The present South Delta fish screens are based upon 1950s technology, and massive fish losses have been documented for more than 30 years. Only about 11-18% of salmon or steelhead entrained in Clifton Court Forebay survive.

Proposed fish screens on the Sacramento River are problematic.
Contrary to assurances of BDCP proponents, it is uncertain whether the fish screens for the proposed new North Delta diversion will actually work. The proposed screens are experimental and have never been employed anywhere else. Some 22 studies are required to determine if the proposed screen design concept will work, will be protective, or if the screens can be legally permitted. Half of these studies are proposed post-construction. Waiting until after construction and the expenditure of billions of dollars to see if these experimental new concept fish screens will work makes no sense. Construction of North Delta diversions should not be initiated until it can be established that the proposed experimental fish screens are feasible, protective and legally permittable pursuant to the Endangered Species Act.

“The Peripheral Tunnels would increase, not decrease, the massive fish kills from water exports, “ said Barbara Barrigan-Parrilla, executive director of RTD. “For decades, they have failed to provide effective fish screens at the existing pumps. Why would anyone believe that new, untested fish screens at a second diversion point will be any better? The Peripheral Tunnels are the death knell for our salmon fisheries, and deny San Francisco Bay of the freshwater flows to sustain Pacific fisheries.”
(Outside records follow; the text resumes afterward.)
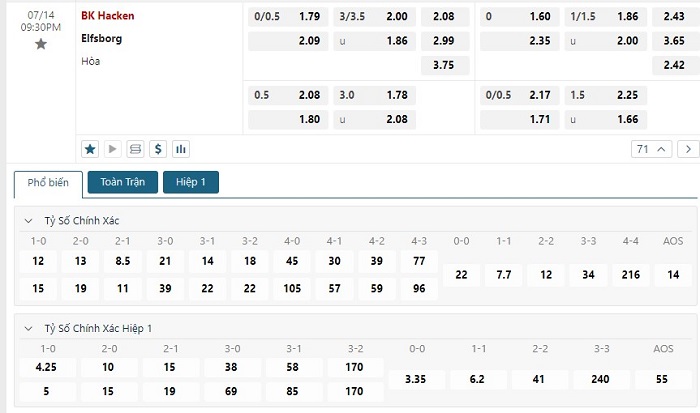 Bảng tỷ lệ kèo bóng đá trận đấu Hacken vs Elfsborg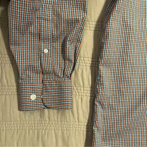 Duluth Trading Wrinkle Fighter button down Men’s long sleeve shirt. Orange and light blue small checkered pattern. Excellent condition, like new. Only worn once and washed in delicate cycle and air dried, once.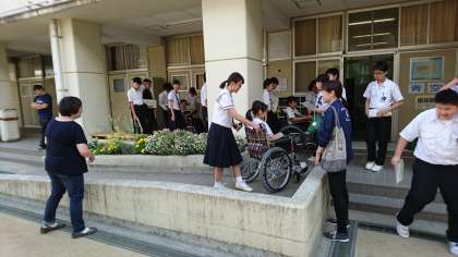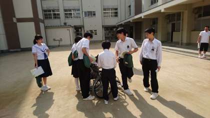 説明の後、校内を班に分かれて車いすで移動し、使用方法などを体験しました。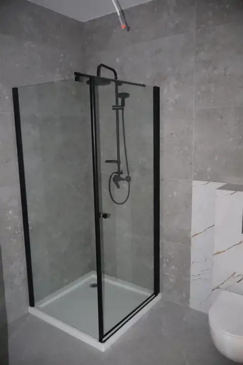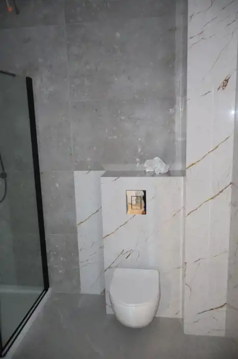 Łazienka wykończona w nowoczesnym design'ie przy użyciu wysokiej jakości płytek ceramicznych, kabiny prysznicowej oraz sedesu.

“The history of the Delta tells us that past agency assurances that projects to divert water from the estuary would be beneficial or benign were grievously wrong: virtually all of them exacerbated conditions to the point where Delta fisheries are on life support. The harsh reality is that no estuary in the world has survived the diversion of more than half its water flow and the extreme modification of its hydrograph (i.e., peak flows shifted from winter to summer). Speculative promises of mitigation and accountability can no longer be sufficient to justify the construction of major water projects,” said Jennings.

The complete White Paper, “BDCP and Fish Population Losses at the Pumps,” is posted to RTD’s web site.